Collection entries
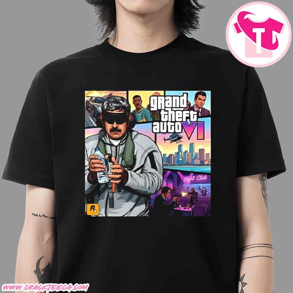 Contextually, this apparel bridges the gap between the massive cultural hype surrounding the return to the state of Leonida in *GTA 6* and the ongoing news cycle regarding U.S. indictments and international relations involving Venezuela. It functions as a piece of “meme wear,” capitalizing on the internet trend of editing real-world mugshots or news events into video game covers to create viral content. As a product of independent design rather than official merchandise from Rockstar Games or Take-Two Interactive, it falls squarely into the category of parody and transformative fan art. The shirt is generally constructed from durable, comfortable materials such as 100% pre-shrunk cotton or a soft heathered blend, featuring a unisex cut that accommodates a wide range of body types for casual daily wear or attendance at gaming conventions.
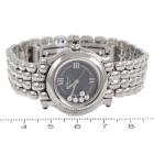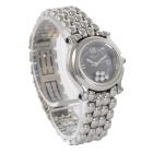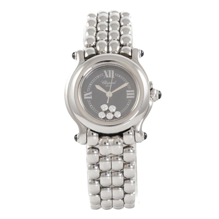 Chopard Happy Sport stainless steel quartz ladies watch. Black dial with 5 floating Diamonds, case diameter: 26mm, wrist size: 16.5cm, Swiss made. Ref# 27/8250-23. With Chopard stainless steel bracelet and clasp. With Certificate of Authenticity and Chopard box. 3 month FSA warranty. (Pre-owned)
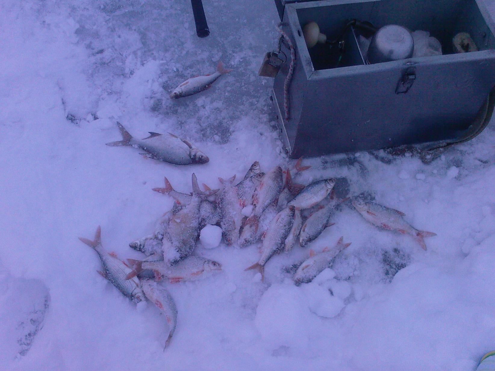 Вчера компанией первый раз в этом году посети сей водоем.Местом рыбалки было выбрано Дуброво,немного левее деревни на глубине 6,50-7,00 .На троих сделали 14 лунок из них 3 двойных.Кормили RS-универсал(холодная вода).С утра у друзей единичные поклевки,у меня полный ОП.И на свох и на других лунках у меня до 14 часов глушняк.До этого времени ловил на мотыля и на макароны.Потом перешел только на макароны,и понемногу дело пошло.До 16,00 было изловлено 19 плотвиц,2 нормальных и 4 мелких подлещика.В райне половины одинадцатого подходил продавец путевок,на троих оплатили две по 5 тыр,вроде как местные.По оплате денег прикинули так-ходит чел,морозит нос,руки,и ведь собирает он деньги не себе в карман а работа у его такая.Сам он тоже рыбак и рассказывал что и рыбу они запускали(щука,карась,карп)и скоро мы эту рыбу будем ловить и туалеты раставили.С этими сборщиками можно договориться,а мы на них с ледобурами в атаку.Но это все мое ИМХО.Ниже вымучаная рыбка.
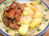 А тем временем сделать зажарочку. Для этого сало меленько порезать и обжарить на сковородке, добавить затем к нему лук репчатый порезанный полуколечками.
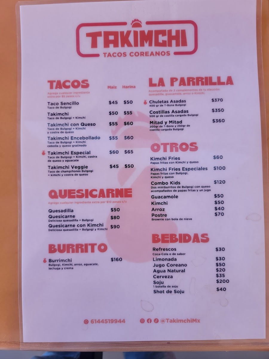 Welcome to Takimchi Taqueria Coreana, a vibrant culinary fusion nestled in Chihuahua, Mexico. With its unique Korean-Mexican twist, the menu promises an unforgettable dining experience.
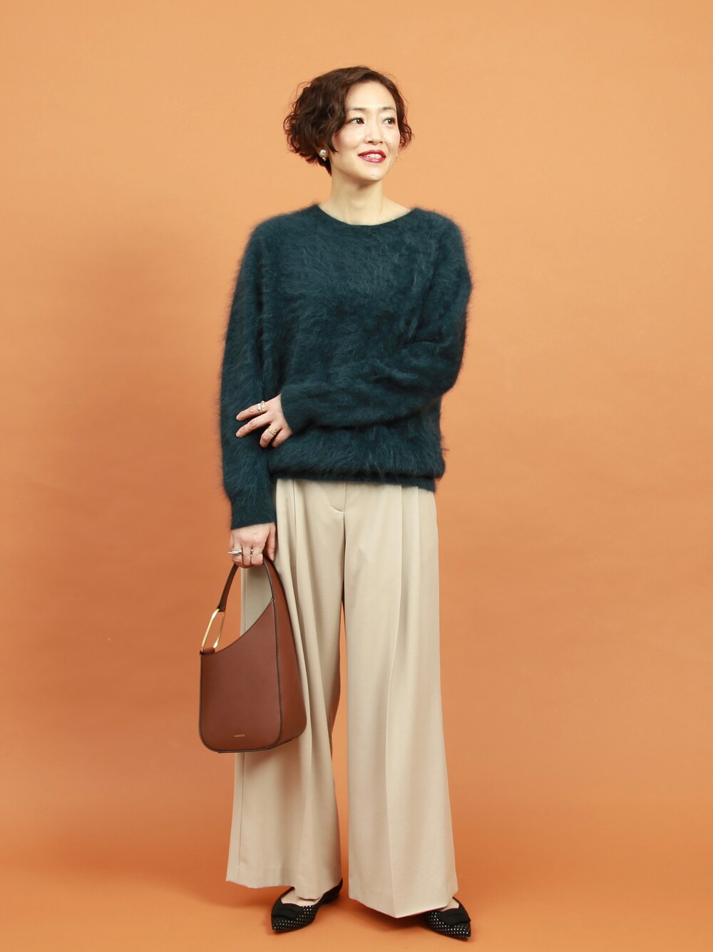 EFFE BEAMSのシャギーニット。グリーンがモダンな印象です。そのグリーンのニット+白っぽいベージュのパンツに黒のフラットシューズを合わせたコーディネート。柔らかなカラーのコーディネートに黒のシューズは一見きつい印象がありますが、シルバーのドットが施されているシューズなのでうまく引き締まっています。

WHAT THE TASK REQUIRES — Output should consist of the lines above from the one with "Вчера компанией первый" down to the one with "А тем временем", exact and without pictures.

RESULT FOR THIS TASK —
 Вчера компанией первый раз в этом году посети сей водоем.Местом рыбалки было выбрано Дуброво,немного левее деревни на глубине 6,50-7,00 .На троих сделали 14 лунок из них 3 двойных.Кормили RS-универсал(холодная вода).С утра у друзей единичные поклевки,у меня полный ОП.И на свох и на других лунках у меня до 14 часов глушняк.До этого времени ловил на мотыля и на макароны.Потом перешел только на макароны,и понемногу дело пошло.До 16,00 было изловлено 19 плотвиц,2 нормальных и 4 мелких подлещика.В райне половины одинадцатого подходил продавец путевок,на троих оплатили две по 5 тыр,вроде как местные.По оплате денег прикинули так-ходит чел,морозит нос,руки,и ведь собирает он деньги не себе в карман а работа у его такая.Сам он тоже рыбак и рассказывал что и рыбу они запускали(щука,карась,карп)и скоро мы эту рыбу будем ловить и туалеты раставили.С этими сборщиками можно договориться,а мы на них с ледобурами в атаку.Но это все мое ИМХО.Ниже вымучаная рыбка.
 А тем временем сделать зажарочку. Для этого сало меленько порезать и обжарить на сковородке, добавить затем к нему лук репчатый порезанный полуколечками.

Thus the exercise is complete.